Genes that cause MCPH localize to the centrosome during the cell cycle and play a role in neurogenesis. During neurogenic proliferation, progenitors first undergo symmetric cell division where two daughter cells of progenitor fate are produced. This is followed by asymmetric cell division in which one daughter cell follows a progenitor cell fate and the other follows a neural fate.^,– Committed neurons then migrate to the cortical plate (CP). The cell cycle is critically regulated by the mitotic machinery,^,, and each of the five MCPH genes (MCPH1, APSM, STIL, CENPJ, and CKD5RAP2) colocalize with the mitotic apparatus during at least some part of the cell cycle. Genetic studies reveal that MCPH is primarily a disorder of cortical neurogenesis and not a disorder of migration, cell death, or cell growth and provide insight into the genes that regulate brain size in humans.

Figure 4

Anatomical features of classical lissencephaly (LIS). Children with LIS, also known as smooth brain syndrome, lack folds and ridges in the outer cortical layers and typically have a smaller head size as compared to healthy controls (wm, white matter). Figure reprinted with permission.

Figure 5

Genes that cause LIS localize to the leading edge of cortical neurons and play a role in neuron migration. Committed neurons migrate along radial glia to reach their specified layer in the developing cortical plate. Neuron migration involves a strictly regulated process of cytoskeletal rearrangements. Each of the LIS-causing genes (DCX, LIS1,TUBA1A) act as key regulators of microtubules. Genetic studies reveal that LIS is primarily a disorder of neuron migration and provide mechanistic information about the genetic regulation of cortical development in humans.

Figure 6

Anatomical features of horizontal gaze palsy with progressive scoliosis (HGPPS). (A) Photo of a patient with HGPPS showing lack of horizontal eye movements when attempting to look to either side. Upward and downward eye movements are normal. (B) MRI of the spine of a patient with HGPPS shows profound scoliosis. (C) MRI scans from a normal brain (a,b) and a patient with HGPPS (c,d). Patients with HGPPS display pons hypoplasia (boxed region in a,b); absent protrusions of the abducens nuclei (arrowheads in a,b); and flat, butterfly-like appearance of the medulla (open arrow in c,d). Figures reprinted with permission.

Figure 7

Many of the genes that cause primary epilepsy are cell surface receptors that act to regulate neural circuit formation and network signaling.
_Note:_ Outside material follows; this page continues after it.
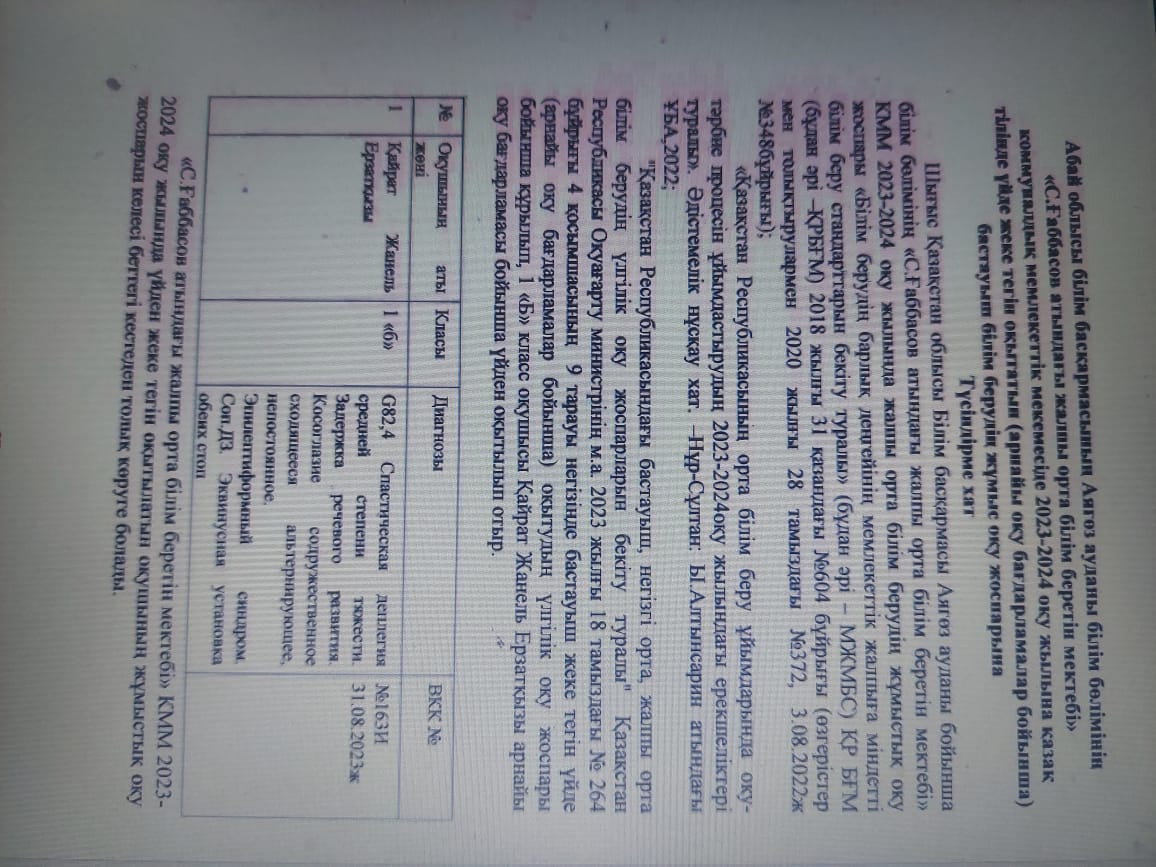 Абай облысы білім басқармасының Аягөз ауданы білім бөлімінің «С. Ғаббасов атындағы жалпы орта білім беретін мектебі»

During circuit formation, neurons from different brain areas form stereotypic synaptic connections. Circuit formation is initially neuronal activity independent, but as signaling receptors are expressed at the cell surface, neuronal activity begins to shape circuit structure and function. Thirteen of the identified genes that cause primary epilepsy fall into the voltage-gated or ligand-gated ion channel class and are expressed in the axon or at the synapse in various neuronal types. Studies reveal that epilepsy can result from a primary defect in ion channel function and also provide evidence that certain types of epilepsy result from defects in circuit formation and function in the developing neocortex.